About 8,000 of the inmates perished in other camps to which they were deported until the end of the war . 2,500 died in the camp after torture, illness and because of the working and living conditions. 250 inmates were in the fortress itself executed . Among the victims there is also a group of Jews from the Rhineland who arrived on October 4, 1944 - "by mistake" - in the small fortress and not in the "ghetto" in a transport from Cologne . Almost all of them were murdered.

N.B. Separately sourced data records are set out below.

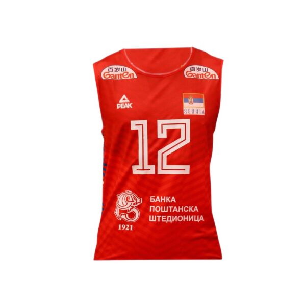 Originalni dres muske odbojkaške reprezentacije Srbije u crvenoj boji.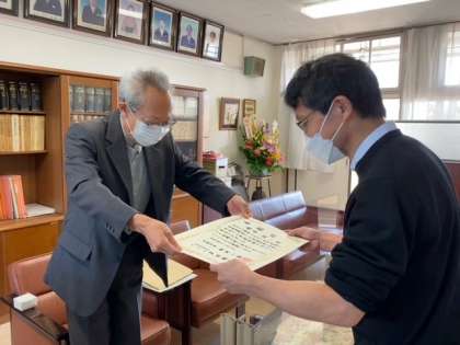 教育委員会よりお預かりしていました表彰状を、校長室にてお渡ししました。
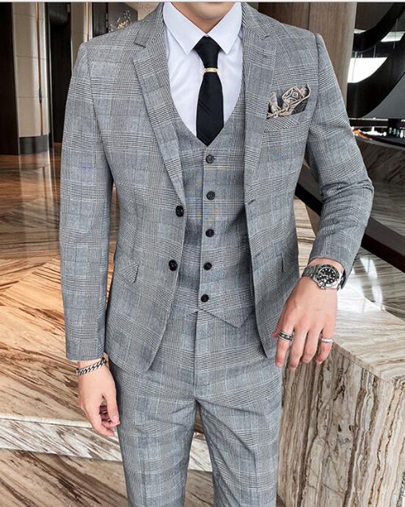 Classic Pattern Menswear Dogtooth Houndstooth Suit Checked 3 Pieces Suits (Jacket +Pants +vest)CB01125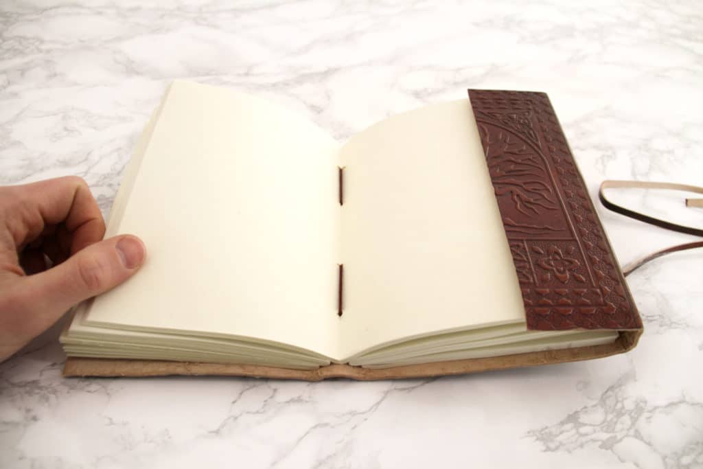 Book can be closed and tied using a leather strap. Thickness of the cover leather is approx. 2 mm. Approx. 200 writable pages.

Since its establishment , the commandant of the Gestapo prison was SS Hauptsturmführer Heinrich Jöckel , who commanded the 1st company of the SS Guard Battalion in Bohemia and Moravia .
Victim
- Josef Beran (1888–1969), Archbishop of Prague
- Rudolf Karel (1880–1945), Czech composer
- Karel Kosík (1926–2003), philosopher and literary theorist
- Martin Finkelgruen (*? - † December 10, 1942), merchant, "slain" in the small fortress
- Benno Wolf (1871–1943), cave explorer
- Paul Thümmel (1902–1945), double agent
Perpetrator
- Heinrich Jöckel (1898–1946), SS-Hauptsturmführer, commandant, executed in 1946
- Wilhelm Schmidt , deputy commandant, sentenced and executed on November 12, 1946
- Rudolf Burian , overseer, executed in 1946
- Anton Malloth (1912–2002), overseer, sentenced in 2001 to life imprisonment by the Munich Regional Court for the murder of a prisoner .

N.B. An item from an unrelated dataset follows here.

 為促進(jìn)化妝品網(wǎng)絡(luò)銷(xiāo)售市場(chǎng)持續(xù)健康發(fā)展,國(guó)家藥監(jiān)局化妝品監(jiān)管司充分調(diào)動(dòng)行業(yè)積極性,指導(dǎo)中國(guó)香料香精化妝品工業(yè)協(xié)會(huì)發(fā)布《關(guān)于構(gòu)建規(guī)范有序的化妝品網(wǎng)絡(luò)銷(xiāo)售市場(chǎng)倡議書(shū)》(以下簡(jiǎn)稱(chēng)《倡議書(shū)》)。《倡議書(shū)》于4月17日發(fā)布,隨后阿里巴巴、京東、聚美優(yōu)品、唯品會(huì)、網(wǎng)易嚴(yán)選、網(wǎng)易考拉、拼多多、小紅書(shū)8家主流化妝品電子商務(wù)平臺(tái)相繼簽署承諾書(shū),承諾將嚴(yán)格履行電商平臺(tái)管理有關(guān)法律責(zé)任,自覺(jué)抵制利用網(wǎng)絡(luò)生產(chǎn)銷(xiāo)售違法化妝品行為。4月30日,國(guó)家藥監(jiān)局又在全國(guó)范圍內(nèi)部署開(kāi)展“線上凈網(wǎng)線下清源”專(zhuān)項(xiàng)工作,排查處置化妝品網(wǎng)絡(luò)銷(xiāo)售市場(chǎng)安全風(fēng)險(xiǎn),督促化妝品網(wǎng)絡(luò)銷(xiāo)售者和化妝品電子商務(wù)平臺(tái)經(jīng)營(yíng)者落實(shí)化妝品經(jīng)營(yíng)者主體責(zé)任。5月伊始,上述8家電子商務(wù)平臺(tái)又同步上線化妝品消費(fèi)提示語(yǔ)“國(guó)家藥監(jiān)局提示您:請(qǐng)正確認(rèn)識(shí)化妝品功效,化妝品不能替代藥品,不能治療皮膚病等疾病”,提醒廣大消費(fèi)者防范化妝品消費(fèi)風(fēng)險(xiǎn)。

- Albert Neubauer , overseer, executed in 1946
- Stefan Rojko , overseer, sentenced in 1963 by the Graz Regional Court to life imprisonment for the killing and mistreatment resulting in death of political prisoners and Jews
- Kurt Wachholz (1909–1969), overseer, sentenced to death by the East Berlin City Court in 1968
- Julius Viel (1918–2002), sentenced in 2001 to 12 years imprisonment in the “Ravensburger War Crimes Trial”.
post war period
After the Second World War , an internment camp for Germans who were to be expelled from the Czech Republic was set up in the Small Fortress . During the expulsion, a total of 3800 Germans were interned here, including children. A total of around 600 people died from the internees. The camp was administered by the communist interior ministry. An exhibition in the rooms of the Small Fortress deals with this part of the history of Theresienstadt.
On the initiative of former prisoners and survivors from the Second World War, the Czechoslovak government decided in 1947 to turn the Small Fortress of Terezín into a memorial. A ghetto museum is located in the "Magdeburg barracks" in the Great Fortress, which was the seat of the Judenrat established by the SS .
literature
- Hans Günther Adler (mainly deals with the large fortress): Theresienstadt 1941–1945. The face of a coercive community . 2nd edition of the reprint of the 2nd edition from 1960. With an afterword by Jeremy Adler. Wallstein-Verlag, Göttingen 2012, ISBN 978-3-89244-694-1 , WBG : ISBN 978-3-534-25355-5 .
Web links
- Terezín Initiative Institute. Theresienstadt Initiative: international association of former inmates (Czech, English, German)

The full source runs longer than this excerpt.